Freddy’s (Robert Englund) back after being laid to rest at the end of Dream Warriors. He comes back in a dream where a dog pees literal fire over where Freddy was buried which cracks open the Earth and his bones reassemble. That’s it. It’s a stupid moment that’s not as funny as it should be. The portrayal of Freddy is really weak throughout The Dream Master. He just turns up and kills people, with a higher body count than previous entries. For most of the deaths he gives a one-liner, but none of them are funny are memorable. It’s just trying to recapture the magic of Dream Warriors, with very limited effect.
The film really suffered from the 1988 Writers Guild of America strike, which meant that director Harlin ended up making a film with very little planning for the plot and a lot of improvisation.
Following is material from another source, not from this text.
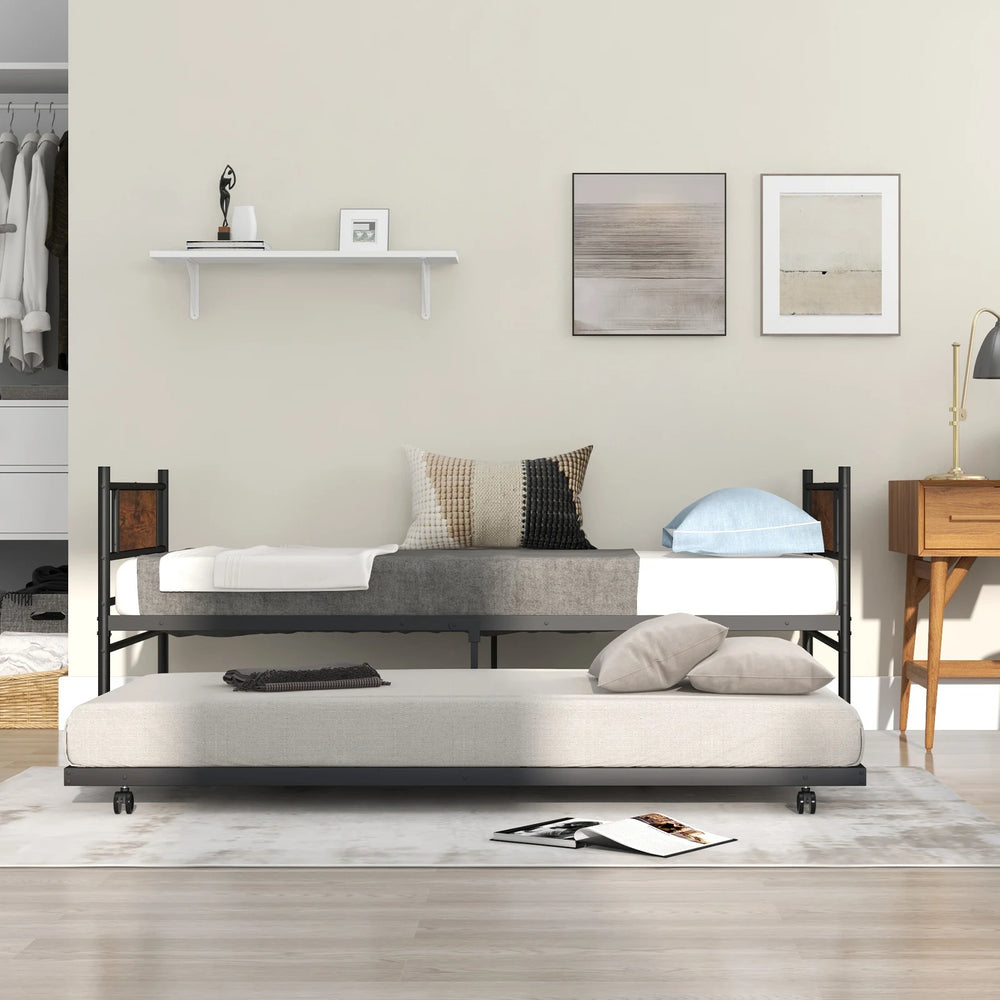 Metal Daybed with Pull-out Trundle Sofa Guest Bed with Wheels-Single Size

It really shows in the final product, with some incredibly bad and unnatural dialogue. There are so many clunky moments that just don’t work. Essentially the plot show Kristen’s powers being transferred to Alice and Krueger killing the others that Alice brings into her dreams. The actual ‘Dream Master’ that the title refers to is a rhyme, which is forgotten for most of the film, until it’s really important at the end.
While the script is poor and is essentially just death after death with only the main character, Alice (Lisa Wilcox) getting any character development, that’s not the main reason to watch a slasher film. It’s all about the kills, and there are a couple of really great ones here. Kincaid’s (Ken Sagoes) death, one of the survivors from the previous film, comes really early on and is a bit of a shock. Debbie Stevens (Brooke Theiss) is turned into a cockroach, which is probably the most memorable death in the film.
Arguably the best thing about this film is Renny Harlin’s direction. It’s incredibly inspired. There’s a sequence where Kristen (played this time around by Tuesday Knight, since Patricia Arquette declined returning to focus on more dramatic roles) is drugged by her mother with sleeping tablets. The camera spins all over and around the room, following the Kristen constantly, in one of the most mesmerising, but also stomach-churning shots. It’s an amazing part of the film. The film really leans into the dreamworld as well, with a really well-made time-loop that feels like a real dream, a scene where the characters fall asleep in class. The film does a really good job of blending the dreams with the real world.
The effects are also spectacular, with some incredible prosthetics and transformations. The death of Krueger in this one, looks incredible. It may look a little dated at points, but overall, the effects look better than a fair few modern films.
It is definitely the weakest entry in the series up to that point, but it’s still entertaining. The shallow plot can be overlooked because everything else is so well crafted. The Dream Master is still a solid entry to the series, even though it’s very messy.